If your company has ever been involved in any type of litigation, you may have been advised at one point or another that regardless of the merits of your case, costs would make pursuing or defending the case prohibitively expensive. No litigation activity has more potential to drive up costs than discovery. The need to collect, review and produce tens or even hundreds of thousands of pages of documents, respond to intricate and detailed interrogatories and make numerous employees available for depositions has the potential to put serious strain on your company’s litigation budget or rainy day fund. Having to respond to discovery can also result in serious disruption to everyday operations.
The trend over the past decade and a half has been toward electronic document and email discovery, which many have identified as a major driver of increasing costs. While the electronic storage of documents and use of email have grossly expanded the number of records that must be searched to satisfy an opposing party’s document demand, it is also the breadth of material that could potentially be responsive to broadly worded demand that makes discovery so expensive.
Both federal and New York courts have recently taken steps to reduce the cost of discovery by introducing the concept of proportionality. Proportionality requires parties and courts to restrict the scope of discovery so that it fits within the size, scope and importance of the litigation. Proportionality rules recognize that it does not make sense for parties to spend $100,000 completing discovery where the plaintiff only seeks $150,000 in damages, and they give courts and parties a basis to take steps that restrict the use of discovery devices where appropriate.

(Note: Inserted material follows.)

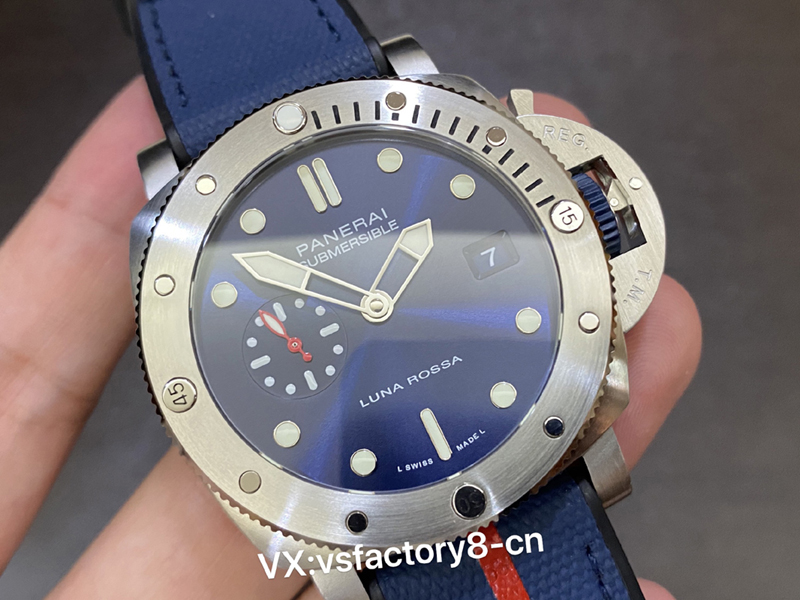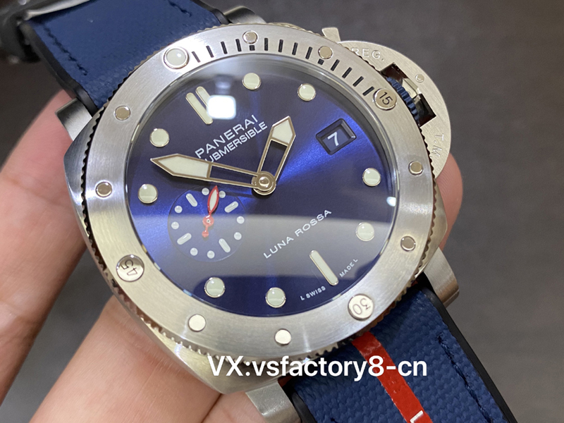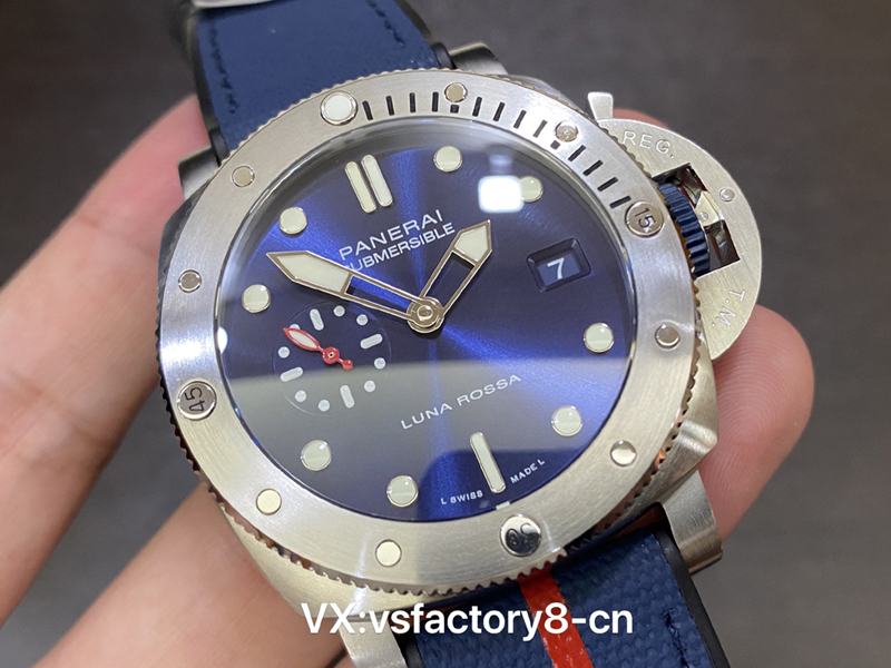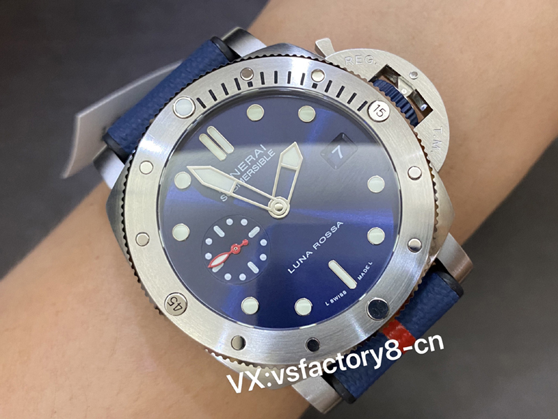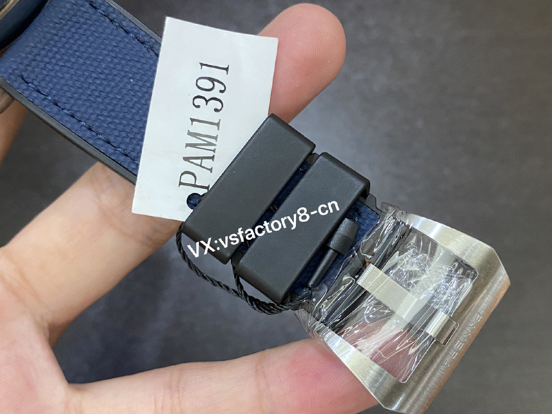 VS廠沛納海1391的字面采取藍(lán)色面,同正品沛納海1391做了太陽放射紋處理,會隨光照角度變化。

On Oct. 5, the preamble of the discovery rules for cases filed in the state’s Commercial Division was amended to read in part: “The Commercial Division is mindful of the need to conserve client resources, encourage proportionality in discovery, promote efficient resolution of matters, and increase respect for the integrity of the judicial process.” Parties arguing for the addition of proportionality language believe that this guidance, along with previous rule changes limiting the use of interrogatories and depositions, will reduce discovery costs in New York courts.
More substantial changes will soon go into effect in federal courts. Beginning Dec. 1, the scope of discoverable material in federal court will no longer be all material that is “reasonably calculated to lead to the discovery of admissible evidence.” Instead, the Federal Rules of Civil Procedure will soon limit discovery to “non-privileged matter(s) that (are) relevant to any party’s claim or defense and proportional to the needs of the case, the amount in controversy, the parties’ relative access to relevant information, the parties’ resources, the importance of the discovery in resolving the issues, and whether the burden or expense of the proposed discovery outweighs its likely benefit.”

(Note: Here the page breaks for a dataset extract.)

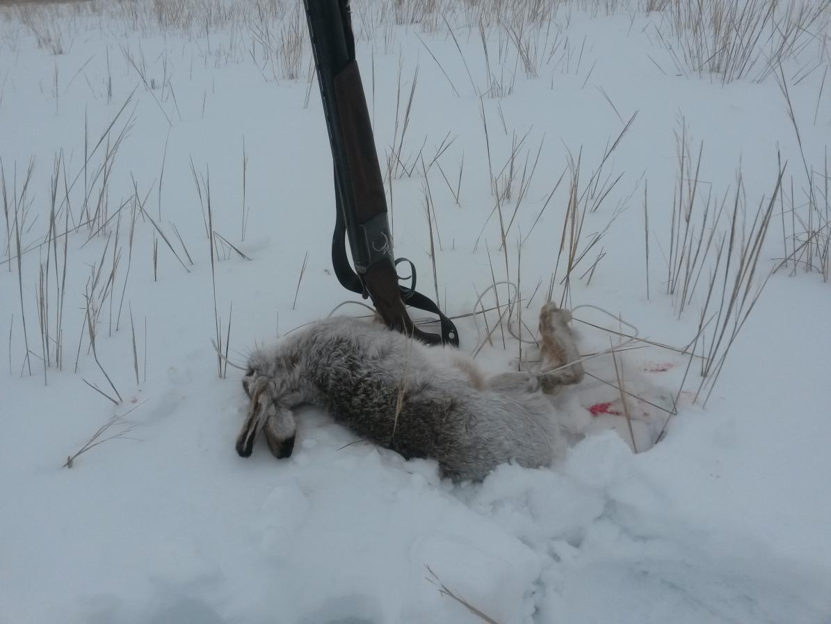 ...всем доброго вечера...ну и погодка нам досталась сегодня для охоты на зайцев), ветерок в степи за 20 м/с , да с дождем, да с крупой и под конец с метелью))...НО)), зайцев нагляделись, следов море, удивился немного, почти полным отсутствием "рыжих-красно-пегих"))- причина проста- за день на встречу промчались четыре снегохода ( и каких- последние модели 2013г)), думаю ребята не просто там бензин катают, видимо переусердствовали)))....и так по охоте, приехали, а ездили на седане, так что машину бросили у знакомого фермера, надели лыжи( очень хорошо сегодня показали себя полу-пластиковые лыжи с насечкой- снег не прилипал )... сразу за фермой начались следы...прогнали овражек- выгнали сразу пару, но этим повезло- были вне выстрела, потом еще из посадки, но косые никак не хотели идти вдоль-разбегались в стороны)))...потом все-таки мне повезло, нашел на хитросплетение)), но на то мы и охотники, чтобы распутывать, подъем!!- выстрел единицей...финал))) и потом 5 км против метели)))до машины)...

While both amendments should have a positive effect on the costs of litigation overall, it is too soon to tell how much of an effect they will have on individual lawsuits. Discovery is still likely to be a major litigation expense, and cases will still settle to avoid that expense. However, many business owners could benefit from these recent efforts to lower litigation costs.
Curtis A. Johnson is an associate in the Rochester office of Bond, Schoeneck & King PLLC where he practices in the areas of commercial litigation and creditors’ rights.